• _INFORMATION SUPPLIED_
====

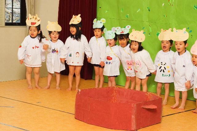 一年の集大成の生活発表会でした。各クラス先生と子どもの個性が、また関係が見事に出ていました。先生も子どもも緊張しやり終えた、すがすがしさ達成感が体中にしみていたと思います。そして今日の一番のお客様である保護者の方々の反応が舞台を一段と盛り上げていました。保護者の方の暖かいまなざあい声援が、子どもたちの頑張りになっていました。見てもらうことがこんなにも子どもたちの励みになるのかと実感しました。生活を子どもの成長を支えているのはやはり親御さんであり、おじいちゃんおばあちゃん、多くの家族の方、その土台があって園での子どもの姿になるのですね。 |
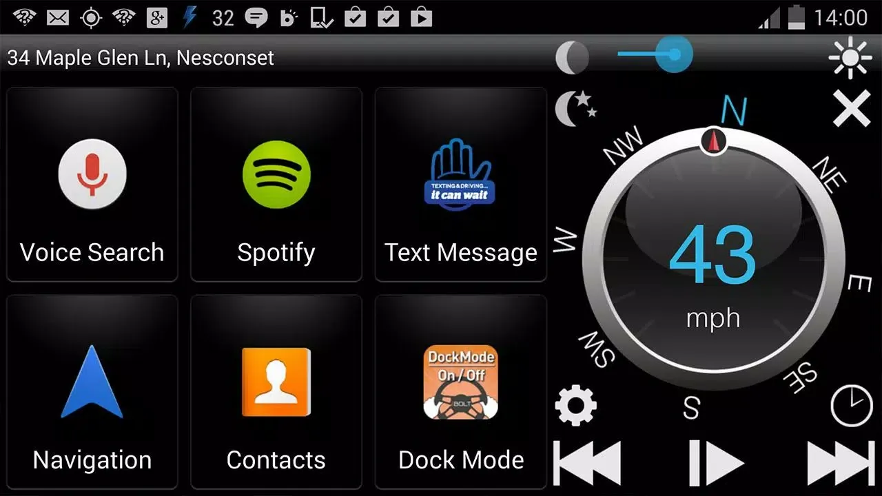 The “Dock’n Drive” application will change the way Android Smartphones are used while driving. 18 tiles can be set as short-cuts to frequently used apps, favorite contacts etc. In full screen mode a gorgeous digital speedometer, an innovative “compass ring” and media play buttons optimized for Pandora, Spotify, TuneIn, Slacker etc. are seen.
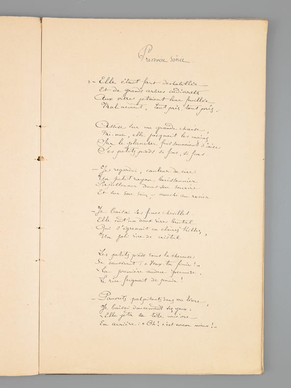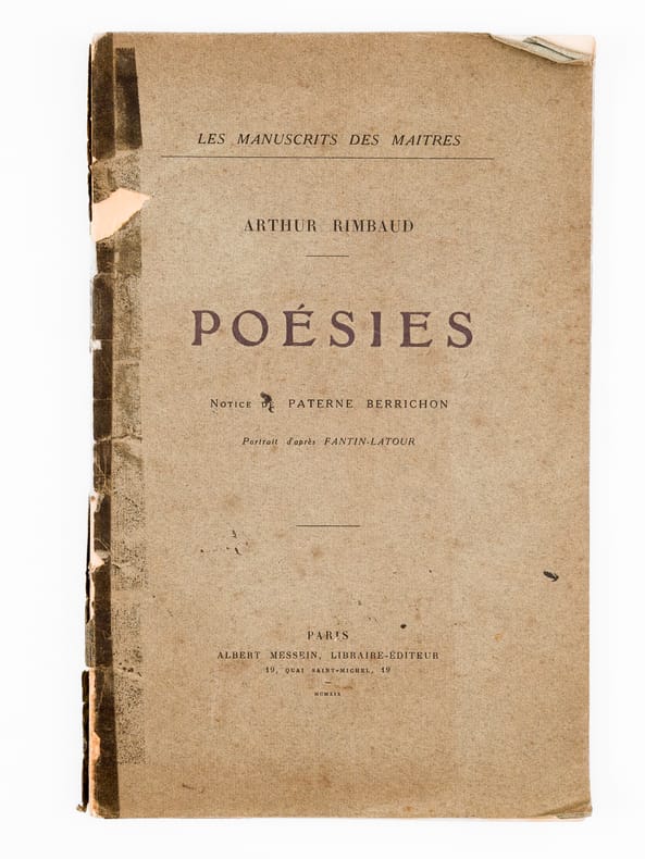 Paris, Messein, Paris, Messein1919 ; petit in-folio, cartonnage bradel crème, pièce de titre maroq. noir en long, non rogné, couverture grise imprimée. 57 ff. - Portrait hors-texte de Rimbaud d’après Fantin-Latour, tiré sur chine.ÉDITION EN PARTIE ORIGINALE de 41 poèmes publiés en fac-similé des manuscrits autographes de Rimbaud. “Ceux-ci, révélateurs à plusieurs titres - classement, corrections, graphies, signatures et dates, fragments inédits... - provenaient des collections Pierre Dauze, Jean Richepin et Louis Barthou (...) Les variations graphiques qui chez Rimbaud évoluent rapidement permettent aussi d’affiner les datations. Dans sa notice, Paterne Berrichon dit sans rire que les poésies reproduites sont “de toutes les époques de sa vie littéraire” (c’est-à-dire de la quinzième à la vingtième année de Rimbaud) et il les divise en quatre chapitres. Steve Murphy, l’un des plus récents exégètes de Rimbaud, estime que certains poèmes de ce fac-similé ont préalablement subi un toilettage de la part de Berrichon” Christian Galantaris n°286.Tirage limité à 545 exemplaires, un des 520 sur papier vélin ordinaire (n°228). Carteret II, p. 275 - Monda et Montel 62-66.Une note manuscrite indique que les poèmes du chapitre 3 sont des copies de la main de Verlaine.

====

• _WHAT THE EXERCISE ASKS_
Word for word, reproduce all of the data, but keep out the pictures.

• _FINISHED EXERCISE_
 一年の集大成の生活発表会でした。各クラス先生と子どもの個性が、また関係が見事に出ていました。先生も子どもも緊張しやり終えた、すがすがしさ達成感が体中にしみていたと思います。そして今日の一番のお客様である保護者の方々の反応が舞台を一段と盛り上げていました。保護者の方の暖かいまなざあい声援が、子どもたちの頑張りになっていました。見てもらうことがこんなにも子どもたちの励みになるのかと実感しました。生活を子どもの成長を支えているのはやはり親御さんであり、おじいちゃんおばあちゃん、多くの家族の方、その土台があって園での子どもの姿になるのですね。 |
 The “Dock’n Drive” application will change the way Android Smartphones are used while driving. 18 tiles can be set as short-cuts to frequently used apps, favorite contacts etc. In full screen mode a gorgeous digital speedometer, an innovative “compass ring” and media play buttons optimized for Pandora, Spotify, TuneIn, Slacker etc. are seen.
 Paris, Messein, Paris, Messein1919 ; petit in-folio, cartonnage bradel crème, pièce de titre maroq. noir en long, non rogné, couverture grise imprimée. 57 ff. - Portrait hors-texte de Rimbaud d’après Fantin-Latour, tiré sur chine.ÉDITION EN PARTIE ORIGINALE de 41 poèmes publiés en fac-similé des manuscrits autographes de Rimbaud. “Ceux-ci, révélateurs à plusieurs titres - classement, corrections, graphies, signatures et dates, fragments inédits... - provenaient des collections Pierre Dauze, Jean Richepin et Louis Barthou (...) Les variations graphiques qui chez Rimbaud évoluent rapidement permettent aussi d’affiner les datations. Dans sa notice, Paterne Berrichon dit sans rire que les poésies reproduites sont “de toutes les époques de sa vie littéraire” (c’est-à-dire de la quinzième à la vingtième année de Rimbaud) et il les divise en quatre chapitres. Steve Murphy, l’un des plus récents exégètes de Rimbaud, estime que certains poèmes de ce fac-similé ont préalablement subi un toilettage de la part de Berrichon” Christian Galantaris n°286.Tirage limité à 545 exemplaires, un des 520 sur papier vélin ordinaire (n°228). Carteret II, p. 275 - Monda et Montel 62-66.Une note manuscrite indique que les poèmes du chapitre 3 sont des copies de la main de Verlaine.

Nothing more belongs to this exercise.